Introducing Sage — a Sagas pattern implementation in Elixir

Distributed transactions are hard and expensive, if you wonder how to pragmatically handle them in a mid-size project— this article is for you. We will discuss how can we use the Sagas pattern to run a distributed transaction from Elixir on examples that leverage Sage package. As a bonus, you will see how to use Sagas to organize your domain contexts.

What problem are we trying to solve?

Most projects I’ve built are integrated to external systems. It’s how modern development looks like — you implement your domain logic and outsource rest to SaaS services, nobody likes to reinvent the wheel.

Good examples of those services are payment processors and CRMs. Microservices are another one. One can argue that every time you perform more than one state change when they are not covered by a single ACID database — you run a distributed transaction. And we are not talking about large projects that distribute because of scale or the ones people are doing to research, it’s pretty much any small- or mid-size project that uses Stripe (or anything else) to outsource the billing system.

Sage itself was built whilst I was integrating Stripe with one of our projects, with Stripe you create a customer first and then you create a subscription for that customer. But when we failed to create subscription — we should not keep that customer in Stripe and need to delete it to get rid of side effects.

Booking website example

To make the problem more approachable, imagine we are building a trip booking website and charge customer only once when the request is fulfilled.
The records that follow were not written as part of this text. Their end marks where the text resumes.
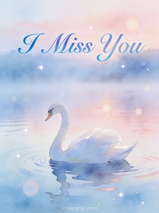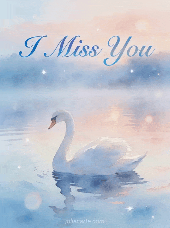 Share this poetic card with a swan to say you miss someone and think of them. Discover also a I miss you I love you card or a miss you my heart card.
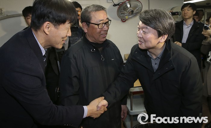 (서울=포커스뉴스) 안철수 국민의당 상임공동대표가 15일 오후 서울 마포구 연남동 한 식당에서 택시기사들과 악수를 나누고 있다.
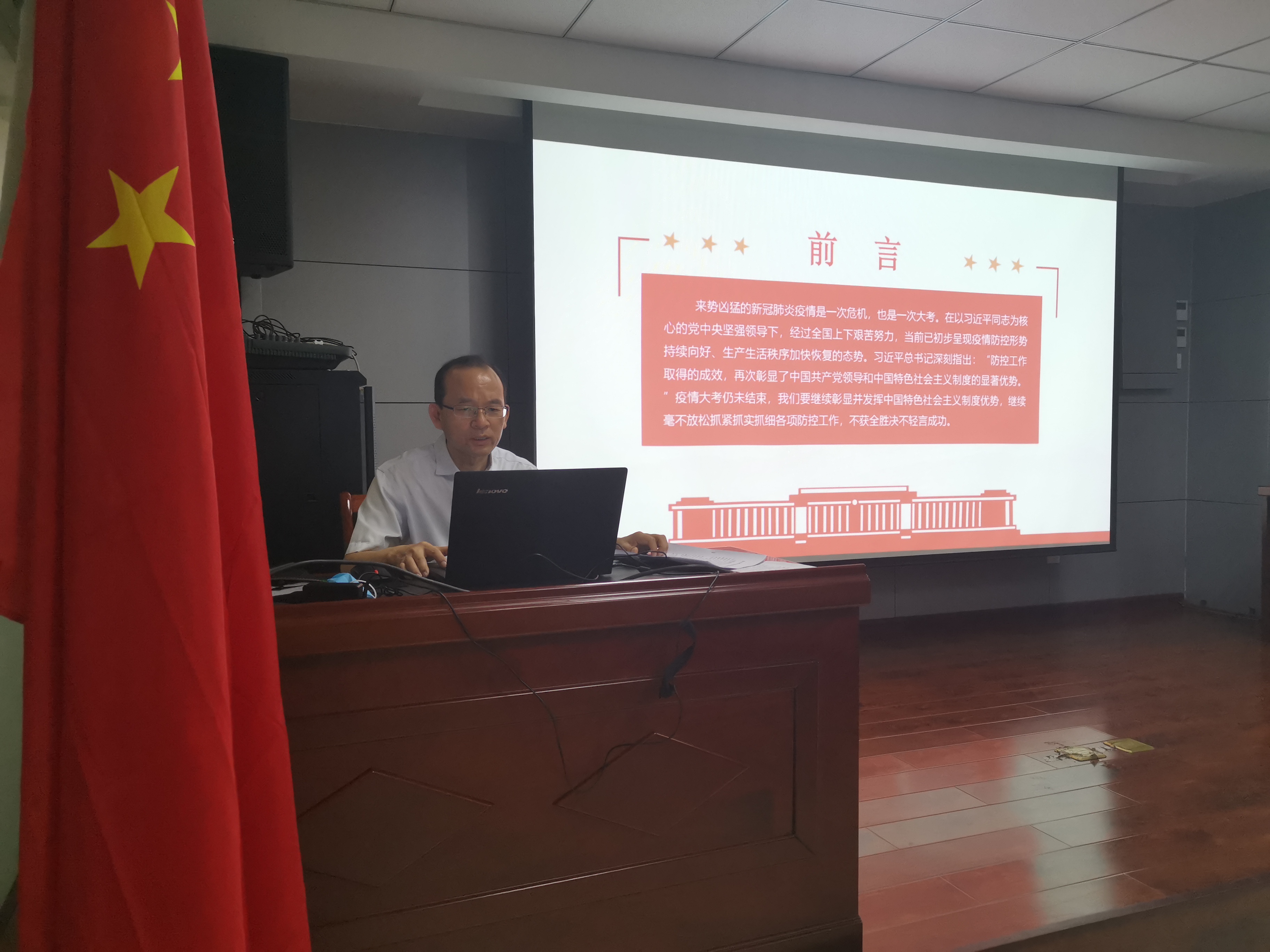 2020年7月2日上午,中共乐投web版登录入口第二支部委员会支部书记焦俊良同志以“在大考中彰显中国特色社会主义制度优势”为题,为全体支部党员和入党积极分子上了一堂别开生面的党课。
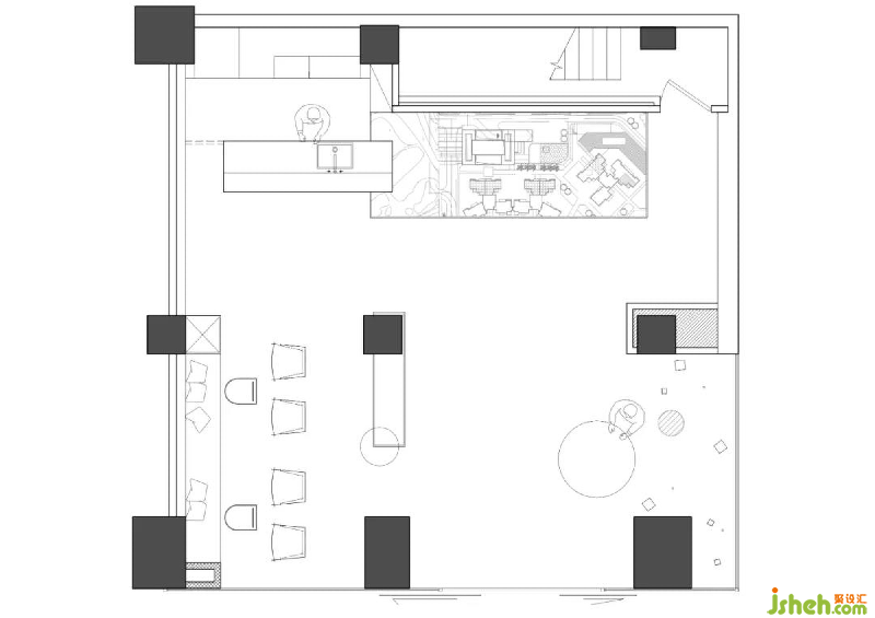 空間主色調(diào)為白色,配以鏡面和不銹鋼,打造跨越時代的未來感。藍色的趣味玩偶處于柱體中央
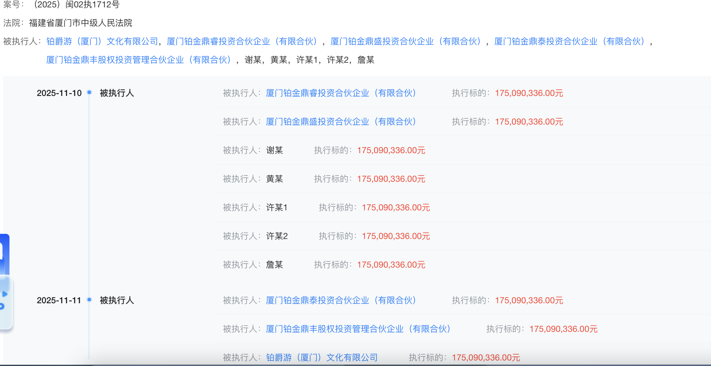 11月12日消息,天眼查APP显示,日前,许春盛、谢家章、许春德、厦门铂金鼎睿投资合伙企业(有限合伙)、厦门铂金鼎盛投资合伙企业(有限合伙)等新增一则被执行人信息,执行标的1.75亿余元,执行法院为福建省厦门市中级人民法院。
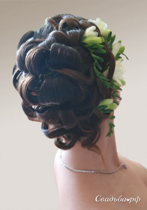 Свадебная причёска с собранными волосами украшается живыми цветами, диадемой или заколками. Локоны собираются на затылке и укладываются в широкие кудри, едва касающиеся шеи. Такая модель выполняется на средних или длинных волосах. Отличный вариант для платья с открытой зоной декольте. Достаточно трудоёмкая причёска.
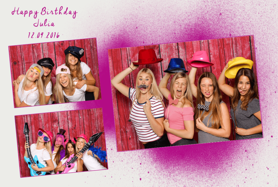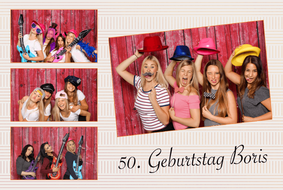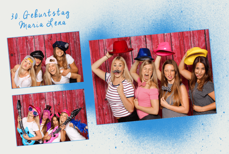 Mit der Druck-Flat werden deine Fotos direkt auf der Party genau so ausgedruckt (4 Aufnahmen auf einem Foto mit Design deiner Wahl) – nonstop hintereinander.

Here is the happy-case code that leverages with expression syntax:

Happy-case code for our trip booking website

Another requirement would be that we should not hold any bookings if we failed to charge the card, otherwise it would be a bad business for us because we would still pay for those bookings. So our code should be extended to handle that failure:

Example where we use named stages to catch where we got an error

Here we used a simple trick — we wrapped charge call with a tuple, which has stage name and list of side effects which we must take care of if we failed on that stage.

So when charge failed and booking is cancelled. But how it would look like if we want to book a car, a flight and a hotel within the same trip? If one of the bookings failed — we would need to cancel other ones and if we failed to charge a card — we should cancel all of them:

Now we are creating multiple bookings within the same trip

So we get more named stages and we collect side effects manually, which makes error handling large and error prone. And this example doesn’t even handle scenarios were we made a successful booking request and did not receive the response (eg. because of timeout), so we hold the booking without knowing about it.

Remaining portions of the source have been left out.